Problem description: Below are lines of records; copy exactly those from the one containing "그림 1. SRC 영역 및 효과" through the one containing "Carte de la Grande Région", leaving the pictures behind.

[Data for the task Boundary: Start]

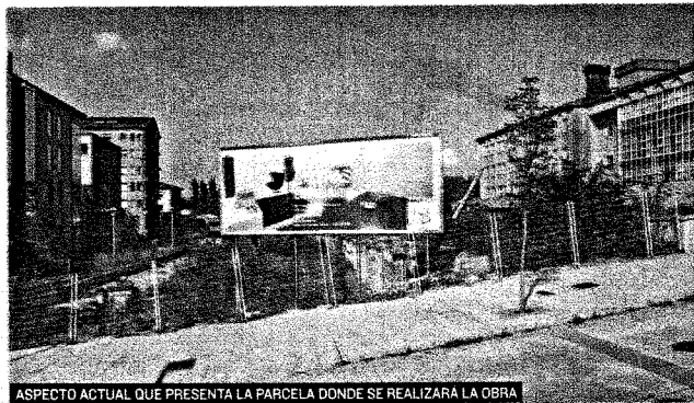
ASPECTO ACTUAL QUE PRESENTA LA PARCELA DONDE SE REALIZARÁ LA OBRA

GRUPO ARIAL WEB: www.grupoarial.es TELÉFONO: 981 569 906
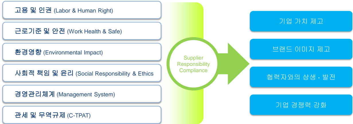
그림 1. SRC 영역 및 효과
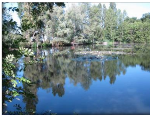
L'Étang de pêche
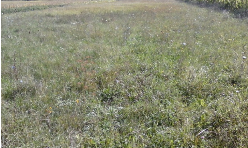
Slika 15. Prirodna livada na istraživanom OPG-u
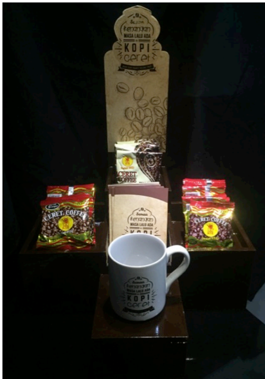
Gambar 13 Eksekusi POP

POP merupakan suatu media yang berfungsi untuk memajang produk kopi Ceret sehingga dapat terlihat lebih menarik.
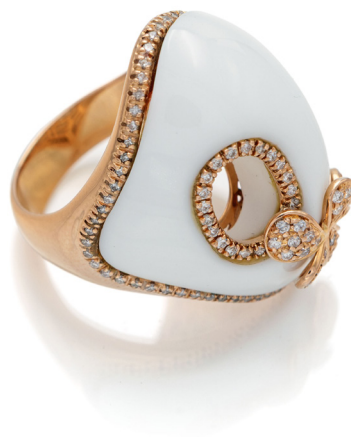
252 DD GIOIELLI, ANELLO IN ORO, BRILLANTI E CERAMICA Oro rosa 750/000. Diamanti in taglio rotondo brillante. Peso complessivo gr. 16,20. Misura 18
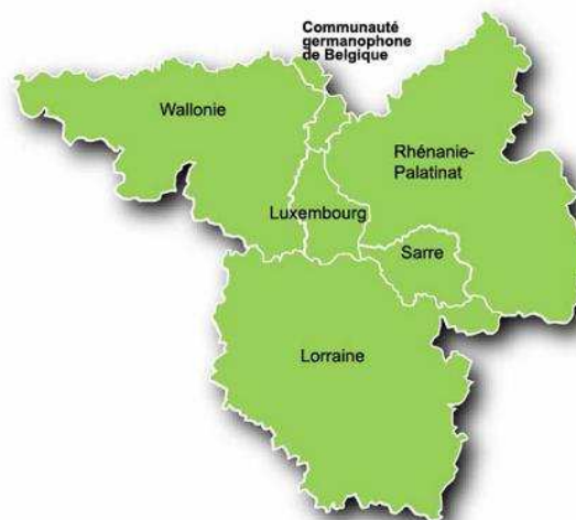
Carte de la Grande Région

En effet, en sa qualité de Ministre-Présidente du Land de Rhénanie-Palatinat, Mme Malu Dreyer est également membre du sommet des exécutifs de la « Grande Région Saar – Lor – Lux – Rhénanie-Palatinat - Wallonie – Communauté germanophone de Belgique » , située entre Rhin, Moselle, Sarre et Meuse, et qui a une superficie totale de 65 401 km 2 .
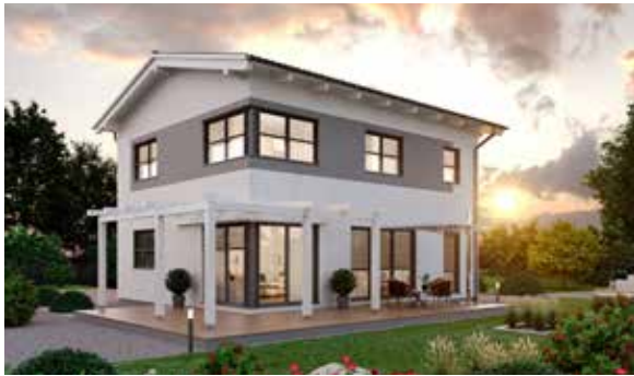
SCALA 126S MUSTERHAUS Eugendorf

Nichts gibt mehr Sicherheit: Sehe, teste und spüre die SCALA Haus Qualität in unseren Musterhäusern:
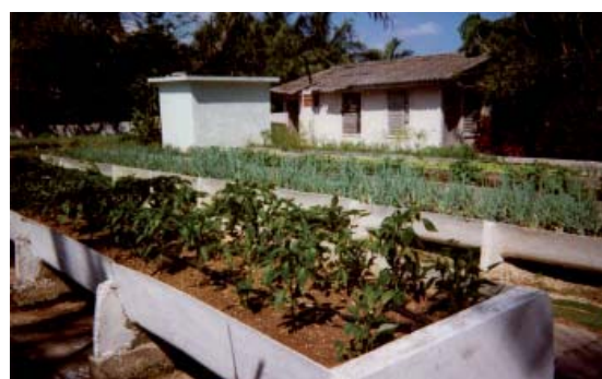
agriculture urbaine (Cuba)
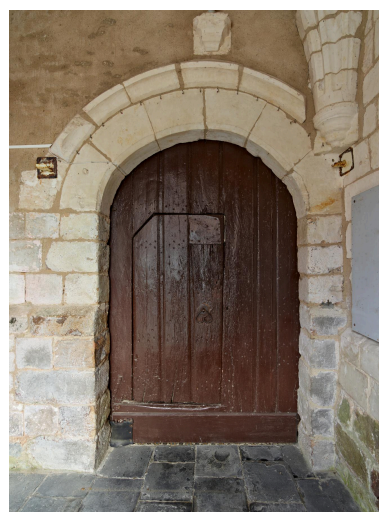
Porte d'entrée de l'église dans le porche. IVR32_20236200195NUCA
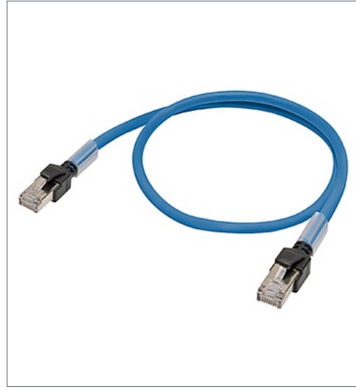
Industrial Ethernet Cables
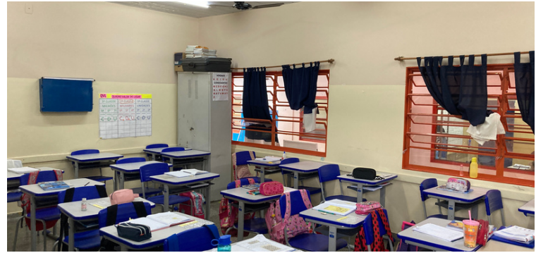
Foto 4 Salas de aulas sem climatização adequada.
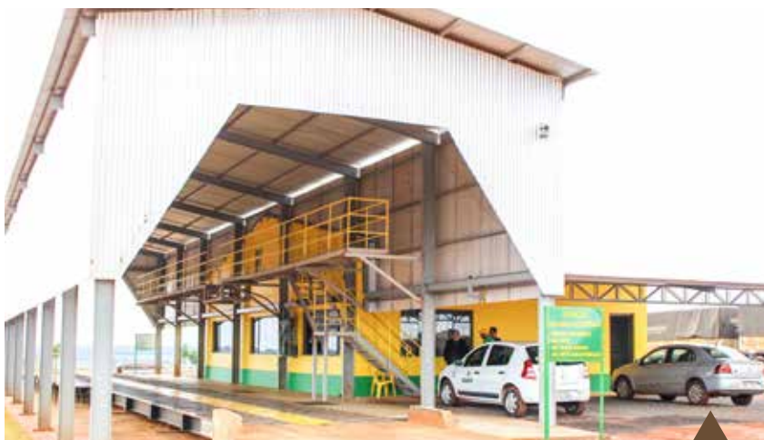
Recepção, balança e setor administrativo da unidade
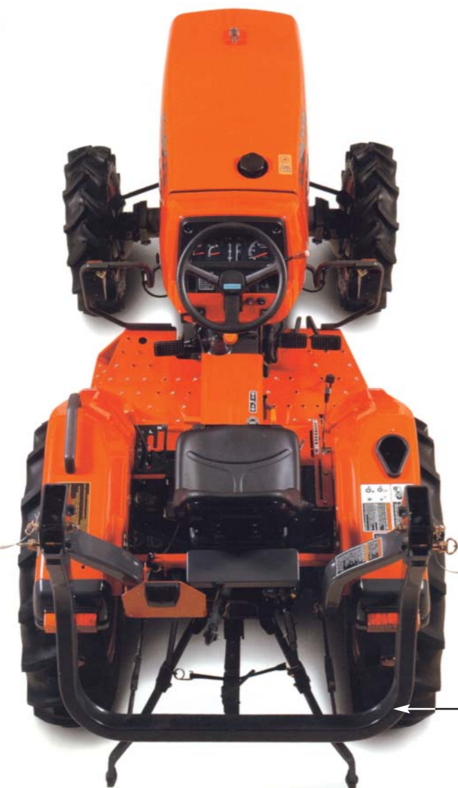
Sklopný ochranný rám při převrácení (ROPS)
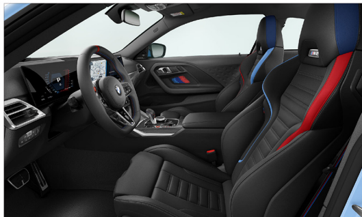
Vernasca 真皮 / M 跑車座椅
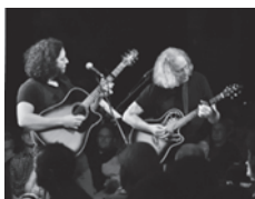
© Manu Glück und Lena Nieder

Veranstalter: Stadtjugendpflege Freising
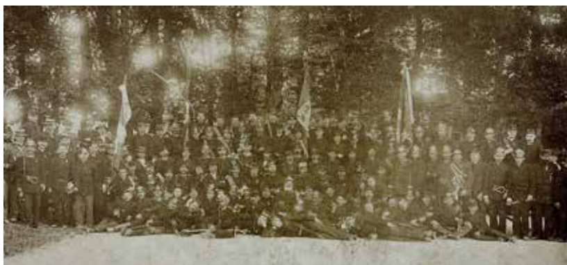
XI Zjazd Krajowego Związku Ochotniczych Straży Pożarnych w Sanoku 1904 roku.

[Data for the task Boundary: End]

Exercise output:
그림 1. SRC 영역 및 효과
L'Étang de pêche
Slika 15. Prirodna livada na istraživanom OPG-u
Gambar 13 Eksekusi POP

POP merupakan suatu media yang berfungsi untuk memajang produk kopi Ceret sehingga dapat terlihat lebih menarik.
252 DD GIOIELLI, ANELLO IN ORO, BRILLANTI E CERAMICA Oro rosa 750/000. Diamanti in taglio rotondo brillante. Peso complessivo gr. 16,20. Misura 18
Carte de la Grande Région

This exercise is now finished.